With the dictionaries in place, the action begins...we read the .csv file and prepare the data.

In [None]:
# TODO - Catch and handle missing arguments or errors in the arguments

# Convert report_start and report_end arguments to datetime format
reportstart = datetime.strptime(report_start, '%Y-%m-%d')
reportend = datetime.strptime(report_end, '%Y-%m-%d')

myrows = []

# Read data into a list of lists, clean as required
with open(filepath + filename) as csvfile:
    for row in csv.reader(csvfile, delimiter=","):

        # Filter Google sheet to include only RDM consultations during the desired period.
        
        # Remove header row (first header value is 'Start Date')
        if row[0] == 'Start Date': continue

        
        # Convert start date values (first column) to datetime format and \
        # compare against report-start and report-end arguments. Skip if start date is not in report period range
        startdate = datetime.strptime(row[0], '%Y-%m-%d')
        if not reportstart <= startdate <= reportend: continue
            
        # Remove rows in which Research IT Service does not include RDM
        RIT_service = row[9]
        if not 'RDM' in RIT_service: continue

        # Remove rows that are not consultations.
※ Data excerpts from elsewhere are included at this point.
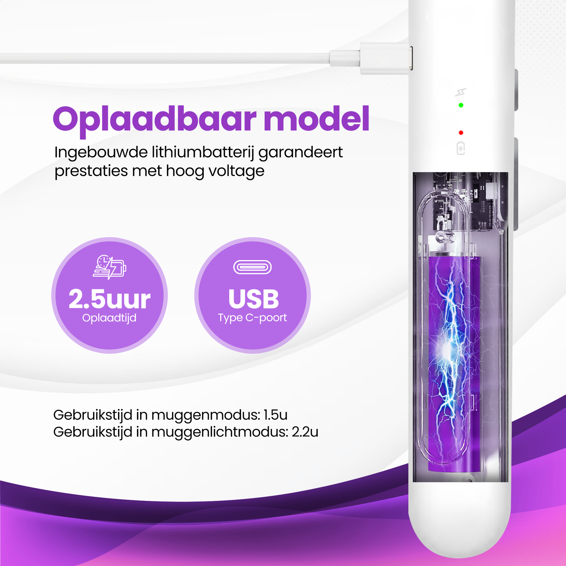 Ben je die eindeloze strijd tegen zoemende muggen en irritante vliegen elke zomer ook zat? Je kunt niet meer rustig eten, koken of slapen! Daarnaast lijkt het steeds moeilijker te worden om deze insecten te vangen. In deze strijd is de elektrische vliegenmepper van TTD jouw nieuwe wapen! Dit is niet zomaar een vliegenmepper ─ het is een geavanceerd apparaat dat gebruik maakt van slimme technologie om jouw leefomgeving te bevrijden van vliegend ongedierte. Dankzij zijn multifunctionele ontwerp combineert het de effectiviteit van een traditionele vliegenmepper met de innovatieve kracht van een UV-muggenlamp. Zo biedt het zowel een actieve als een passieve bescherming tegen muggen en vliegen. Ook is hij oplaadbaar zodat je geen gedoe meer krijgt met batterijen, en kan je hem opvouwen, draaien en ophangen voor maximale flexibiliteit!
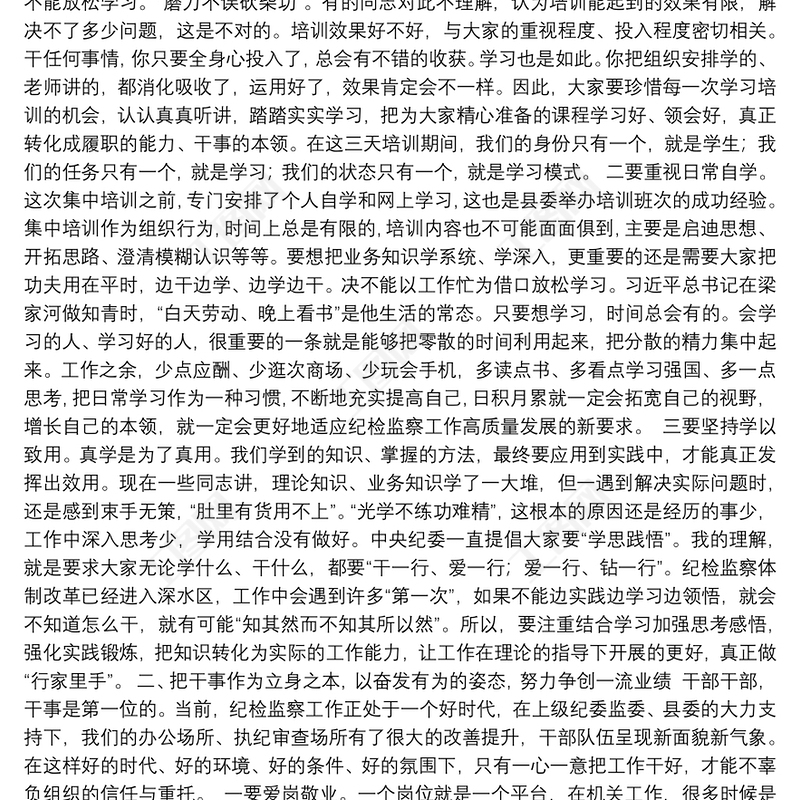 在紀檢監察干部業務能力提升培訓班開班式上的講話包含
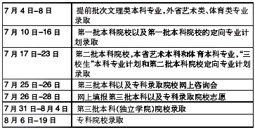 本报南昌讯 记者黄小路报道:记者昨日从江西省高招办获悉,今年我省高招各批次录取的具体时间已经敲定,录取工作从7月4日开始,8月19日结束。今年分为提前本科、一本、二本、三本、专科(高职)批次,每批次按一志愿、二志愿首次及二次进行投档。
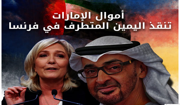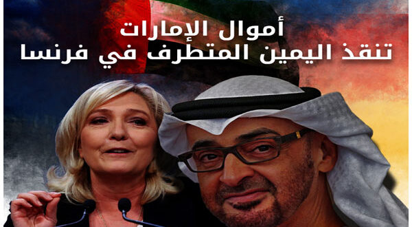 كشف تحقيق فرنسي سابق عن تورط الإمارات في دعم حزب التجمع الوطني اليميني المتطرف في فرنسا بقيادة مارين لوبان. وفقاً لما نشره موقع “ميديا بارت” في عام 2021، فإن التمويل الإماراتي الذي قدر بـ8 ملايين يورو ساهم في إنقاذ الحزب من أزمة مالية خانقة كانت ستعرضه لتدابير قانونية صارمة. أموال محمد بن زايد قدمت عبر رجل الأعمال المعروف في القارة الأفريقية لوران فوشير بناءً على عقد وقع في جمهورية أفريقيا الوسطى وتم تحويلها عبر شركة التمويل الإماراتية “نور كابيتال”.
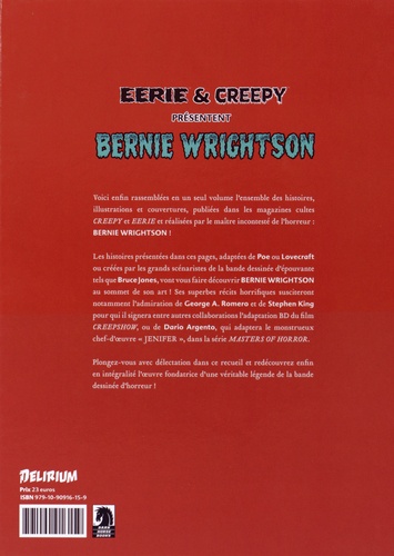 Voici enfin rassemblées en un seul volume l'ensemble des histoires, illustrations et couvertures, publiées dans les magazines cultes CREEPY et EERIE et réalisées par le maître incontesté de l'horreur : Bernie Wrightson ! Les histoires présentées dans ces pages, adaptées de Poe ou Lovecraft ou créées par les grands scénaristes de la bande dessinée d'épouvante tels que Bruce Jones, vont vous faire découvrir Bernie Wrightson au sommet de son art ! Ses superbes récits horrifiques susciteront notamment l'admiration de George A. Romero et de Stephen King pour qui il signera entre autres collaborations l'adaptation BD du film Creepshow, ou de Dario Argento, qui adaptera le monstrueux chef-d'oeuvre «Jenifer», dans la série Master of Horror. Plongez-vous avec délectation dans ce recueil et redécouvrez enfin en intégralité l'oeuvre fondatrice d'une véritable légende de la bande dessinée d’horreur !
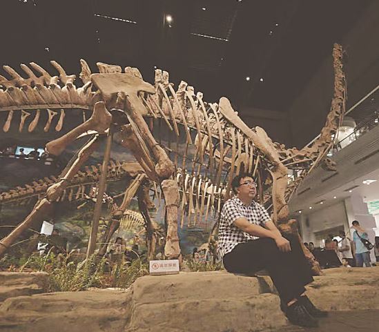 科幻作家何夕在自貢恐龍博物館的恐龍化石前
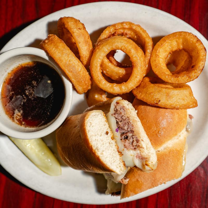 Thin-sliced prime rib served on a toasted hoagie roll with provolone cheese and au jus.

For RDM, consultations were listed as 'User support' \
        # or (once) 'Library user support' until late February 2017. \
        # After that, they were coded as 'RDM [service area]', sometimes with multiple values listed
        p = re.compile(r'^.*[Uu]ser support.*$')  # Matches 'User support' or 'Library user support'
        p1 = re.compile(r'^.*(RDM)')  # Matches an instance of 'RDM [service area]'
        category = row[11]
        if not ((p.match(category)) or (p1.match(category))): continue
 

        # Now clean, split multiple values, and aggregate (roll up) values as appropriate
        
        # Consultant(s), Department/ORU, Patron status, (RDM Lifecycle) Category, Source (aka referral in),
        # Hand-off or referral (aka referral out), Consultation complexity: \
        # replace empty values with appropriate label
        # NOTE: We didn't port Library division and Organizational partner fields to the Google sheet
        
        #for n, label in zip(config_v2.dictable_cols, config_v3_2.labels):  ## USE THIS IN PYCHARM
        for n, label in zip(dictable_cols, labels):

            # Fill in empty cells with appropriate label
            if row[n] == '':
                row[n] = label
                    
            # Remove trailing soft returns (i.e.,\n) -- it's hard to control these in Google Sheets.
            val = row[n]
            suffix = '\n'
            if(val.endswith(suffix)):
                val = val[:-1]
                row[n] = val  # I don't completely trust this, but I don't seem to be losing any data!
            
            # make every cell into a list (some cells have new-line separated values)
            row[n] = row[n].split('\n')
        # Replace individual names with the corresponding org name in Source (aka Referral In) and
        # Hand-off or referral (aka Referral Out) fields
        # (positional elements [12] and [13])
        for n in [12, 13]:
            ref_x = row[n]
            row[n] = []  # Empty cell to ready it for being re-filled
            for term in ref_x:
                #for key in config_v3.refs.keys():    ## USE THIS IN PYCHARM
                for key in refs.keys():
                    #if term in config_v3.refs[key][1]:   ## USE THIS IN PYCHARM
                    if term in refs[key][1]: 
                        #term = config_v3.refs[key][0]    ## USE THIS IN PYCHARM
                        term = refs[key][0]
                        row[n].append(term)
        myrows.append(row)

We count the number of consultations (number of rows gathered above) and determine how many have been resolved successfully.

In [None]:
# ***** COUNT THE DATA *****
# Each row (list) represents a consulting engagement
print('\nIn %s, RDM Consulting provided %d consultations.' % (report_period_descriptor, (len(myrows))))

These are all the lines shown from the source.